The garage on its own would have to buy the tyres at the same price they are now sold for, fitting included, but the tie-up pays them for fitting and boosts their revenues.

"We will double the size of that network over the next two years, our strategy is a garage on every corner, all sizes, all brands, at the lowest prices," Mr Welch says. "We have a lean cost base, we can keep investing in price points, because we haven't got the costs to bear that come with big infrastructure and a big garage network."

He envisages a 'hub and spokes' network, with local garages surrounding the Pit Stops which will themselves be run by franchisees, putting both models on an equal footing.

The fast-fit chains are reacting by cutting their tyre prices - but only selectively, Mr Welch says. "There will be online prices that will be different to walk-in store prices, to try to combat the pesky Blackcircles who won't go away."

He explains: "In their minds, there are two different customer bases but guess what, they are converging. People will do research online then go into stores, and two different prices doesn't work."

That means the competitive landscape will change, Mr Welch predicts, with "fast-fits playing more of a slow-fit role", looking to add servicing value and keep cars on ramps for longer. For tyres, consumers will move to the just in time delivery model, using the internet to maximise convenience - and choice.

He claims: "What the high street does is polarise the offer by limiting the range, they will sell customers what they want customers to buy, we sell what customers want to buy."

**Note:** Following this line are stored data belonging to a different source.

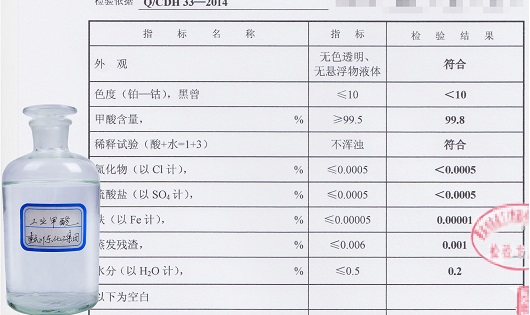 甲酸主含量≥85%,F(xiàn)e≤4ppm
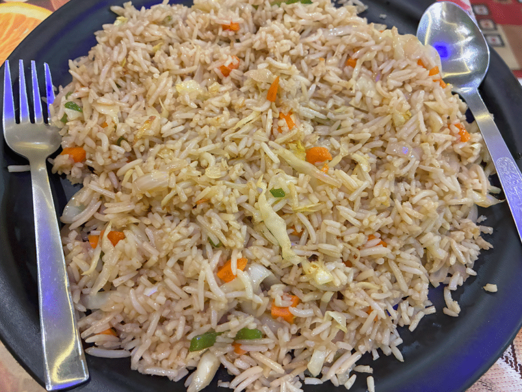 ベジタブルフライドライス。ノースパイシーで頼んだので美味しくいただけました。
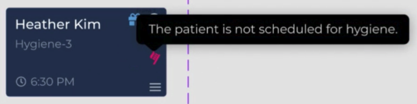 Flashing Red Tooth Brush Icon: Signals a patient overdue for hygiene with no future appointment scheduled.
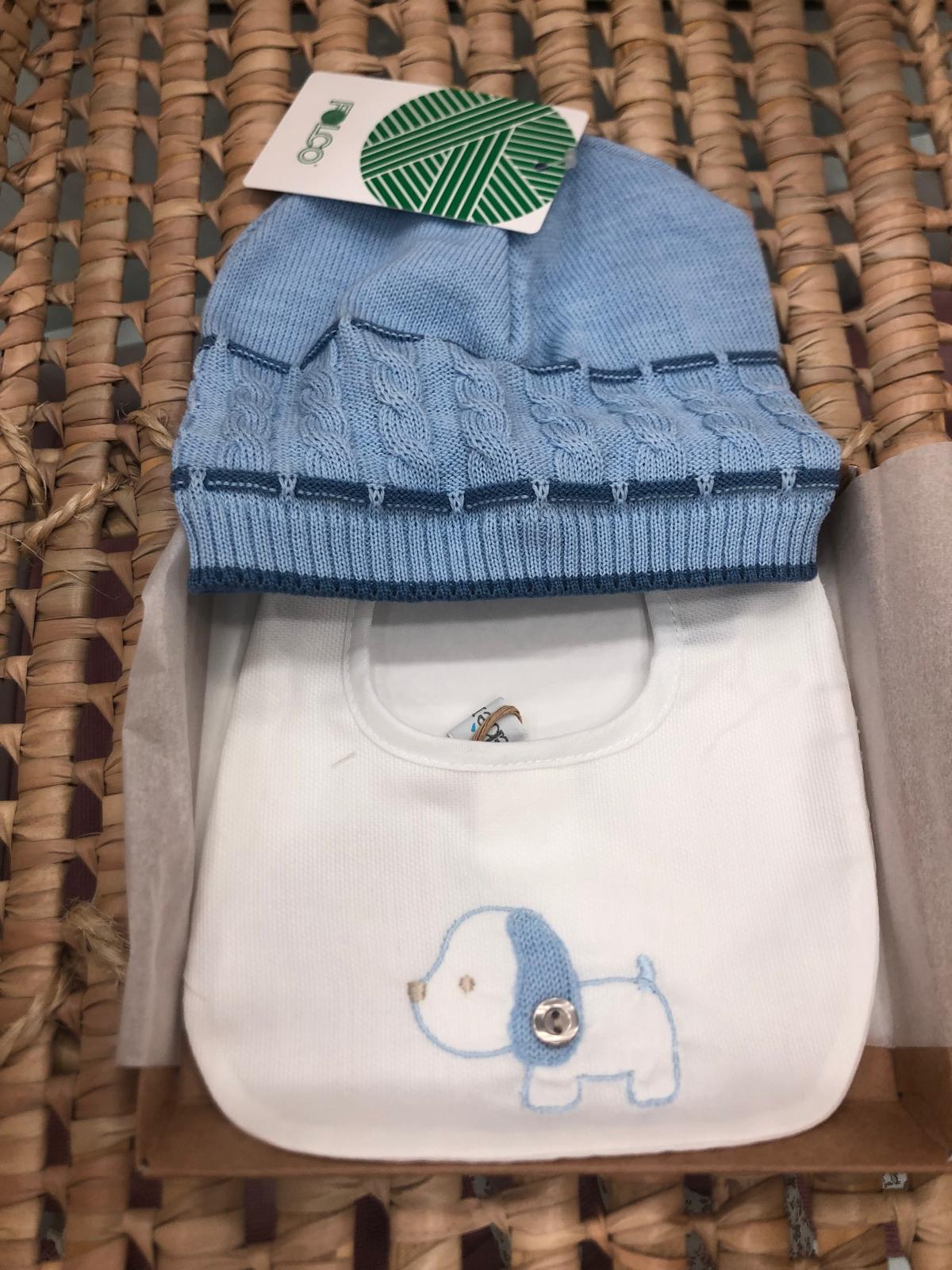 Set cappello in trecce celeste con bavetta coordinata in mussola con disegno ricamato , vestibilità comoda Per saperne di più
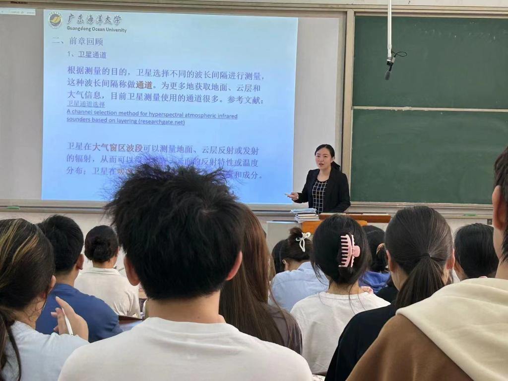 第二场观摩课由获得学校第11届教学质量优秀奖获得者——常舒捷老师主讲,内容为专业基础课——《卫星气象学》,授课内容为“气象卫星图像的分析基础”。常老师通过开展课程回顾方法回顾了卫星通道、吸收带和大气窗,引导员工对可见光卫星云图、红外云图、水汽图的相关知识,同时,紧密联系生活实践,利用例证法进而说明三种卫星图像的区别与联系。通过讲解发生于今年的有气象记录以来全球最长寿的热带气旋“弗雷迪”相关的卫星云图使本来非常难于记忆与枯燥的知识点变得浅显易懂;此外,巧妙设置问题,引起员工思考,激发学习兴趣。

Blackcircles pays close attention to customer feedback and boasts a satisfaction score of 89, from a sample of half its user base. "I think Apple's score is 67 and Tesco's 32," Mr Welch observes. "We are over-delivering on satisfaction, that is why we are delivering growth. You can't have a great service at a more expensive price and kid yourself people are buying the service because you are nice people, you need to continue to invest in price. You need to stay true to that and not kid yourself that expensive advertising, big warehouses and shiny new stores is the way to grow the business in our market - stick to the knitting."

Blackcircles has healthy and no debt - thanks to the caution of chairman Graeme Bisset when bank money was freely available. "It has taken longer.....but thank God we didn't get flattered into taking some of that toxic free money back in 2007-08, when anyone who didn't looked like fools. As they say in the playground, just say no."